Par Martin Untersinger et William Audureau Publié dans Le Monde.

Julian Assange est détenu au Royaume-Uni depuis son arrestation le 11 avril et désormais poursuivi aux Etats-Unis pour infraction à l’Espionage Act.

La procédure, rare et juridiquement hasardeuse, pose directement la question de la liberté de la presse, pourtant protégée aux Etats-Unis par le premier amendement. Car ce qui est reproché au fondateur de WikiLeaks, à savoir recueillir et publier des documents secrets, est ce que font les médias. D’ailleurs, en 2010, le New York Times, le Guardian, Le Monde ou encore Der Spiegel avaient collaboré avec la plate-forme et publié les documents qui valent aujourd’hui à Julian Assange d’être accusé d’espionnage.

Après l’annonce de ces nouvellescharges,les associations de défense des libertés ont immédiatement tiré la sonnette d’alarme. « Pour la première fois dans l’histoire de notre pays, le gouvernement entame une procédure criminelle contre un éditeur pour la publication d’informations véridiques.
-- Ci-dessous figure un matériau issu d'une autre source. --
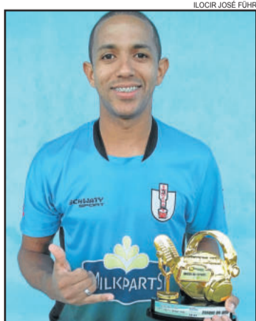
Baiano, do Saidera, o craque nos titulares

C’est une attaque directe contre le premier amendement et une escalade inouïe des attaques de l’administration Trump contre le journalisme », s’est inquiétée l’Union américaine pour les libertés civiles (en anglais American Civil Liberties Union, ACLU), une puissante association de défense des droits des citoyens.

Même avis de la part de la Freedom of the Press Foundation, ONG de défense de la liberté de la presse, qui évoque « un développement réellement choquant », qui dépasse le simple cadre de WikiLeaks. « Peu importe votre avis personnel sur Assange, ces nouvelles inculpations contre lui sont sans précédent, effrayantes, et un coup porté au cœur du droit fondamental à la liberté de la presse. » Son directeur exécutif, Trevor Timm, évoque même « la menace la plus significative et la plus terrifiante contre le premier amendement au XXIe siècle ».

Plusieurs juristes ont également relevé le danger que représente cette procédure. « Indépendamment de ce que vous pensez de WikiLeaks ou Assange, des poursuites au nom de l’Espionage Act ne peuvent que mal tourner pour la liberté de la presse dans ce pays », corrobore David Kaye, professeur de droit à l’université d’Irvine en Californie et rapporteur spécial à l’ONU chargé de la promotion et la protection des libertés d’opinion et d’expression.

Dans le Washington Post, Floyd Abrams, avocat spécialiste du droit de la presse, sépare Julian Assange, un « prévenu singulièrement peu attirant en de nombreux points », de l’inculpation elle-même, qui « pose effectivement des problèmes profonds, menaçant le premier amendement, pour les journalistes couvrant la défense nationale, les activités de renseignement, etc. ».